La S.A.S xxxxxxx s'engage à mettre en œuvre toutes les actions nécessaires en cas de situation de danger grave pour un(e) collaborateur(trice) victime de violences conjugales.
Ces situations étant confidentielles et spécifiques, on ne disposera pas d'indicateurs chiffrés.
Article 4 : Suivi, durée et entrée en application du présent accord
Suivi
Le bilan des mesures convenues comprenant le suivi des indicateurs chiffrés sera présenté au Comité Social et Économique au début de chaque année civile.
Durée
Le présent accord est conclu pour une durée déterminée de 3 ans.
Entrée en vigueur
Le présent a cco rd sera applicable au plus tard le 1er Aout 2025, dès l’accomplissement des formalités de dépôt et de publicité régissant les accords collectifs.

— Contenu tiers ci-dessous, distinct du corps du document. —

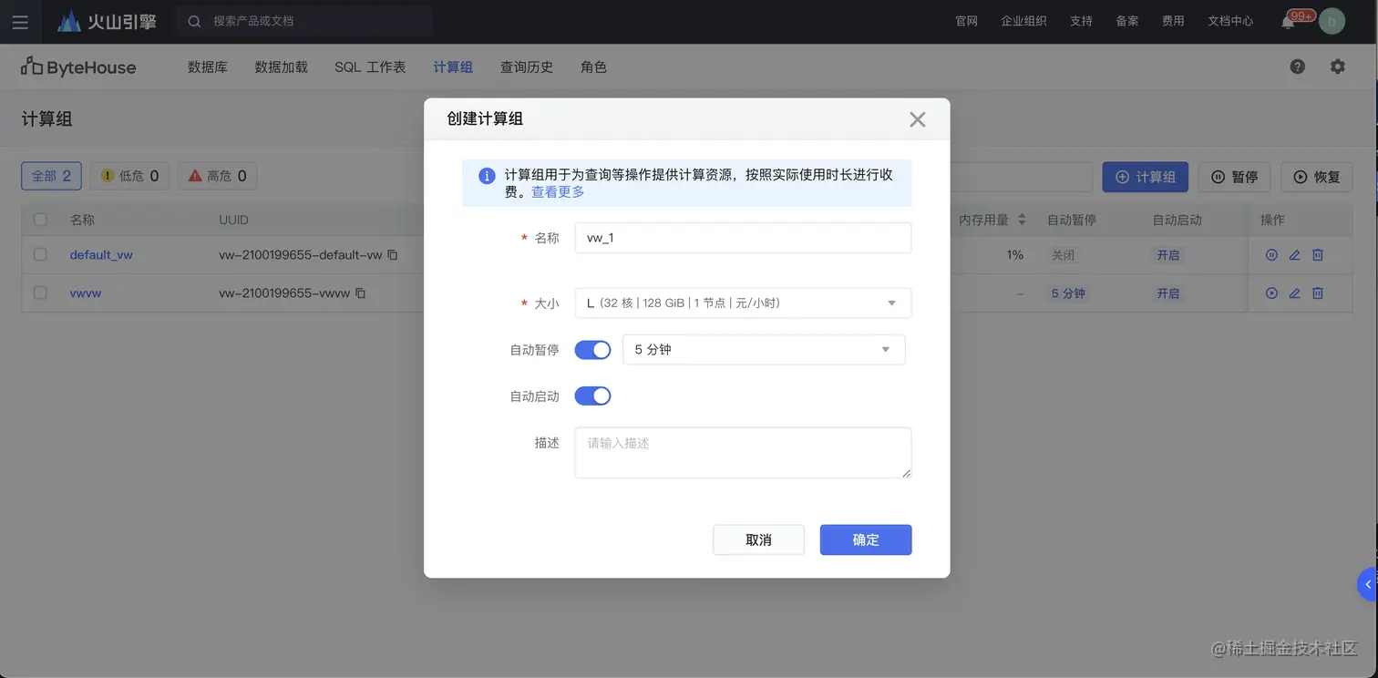 为了方便进行后续的建库建表和查询等操作,首先在 ByteHouse 控制台创建型号为 L 的计算组,如下图所示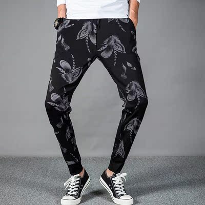 Mùa xuân và mùa thu nam Quần âu Chín Quần thời trang Cá tính In Quần Quần Slim Tide Quần nam Quần Harlan Quần dài - Quần mỏng quần ngố nam

Article 5 : Modalités de révision de l'accord Le présent accord pourra, à compter de sa date de dépôt, faire l’objet de révisions à l'initiative de l'une ou l'autre des parties.
Chaque partie signataire introduisant une demande de révision devra en informer par lettre recommandée avec AR les autres parties signataires et l'accompagner d'un projet sur les points à réviser.
Les discussions devront s'engager dans les 30 jours suivant la date de demande de révision. Toute disposition qui modifierait la présente convention fera l'objet d'un accord entre l'employeur, l’organisation syndicale signataire et les membres de la commission égalité hommes-femmes.
Article 6 : Publicité et dépôt du présent accord En application des dispositions de l'article D.2231-2 CT du Code du Travail, le présent accord sera déposé en deux exemplaires (une version papier et une version électronique) à la DREETS des Hauts-de-France.
Un exemplaire sera également déposé au secrétariat du greffe du Conseil de Prud'hommes de Calais (62).
En outre, un exemplaire original sera établi pour chaque partie.
Enfin, en application des articles R.2262-2 et R.2262-3 CT du Code du Travail, le présent accord sera transmis aux représentants du personnel et mention de cet accord sera faite sur les panneaux réservés à la Direction pour sa communication avec le personnel.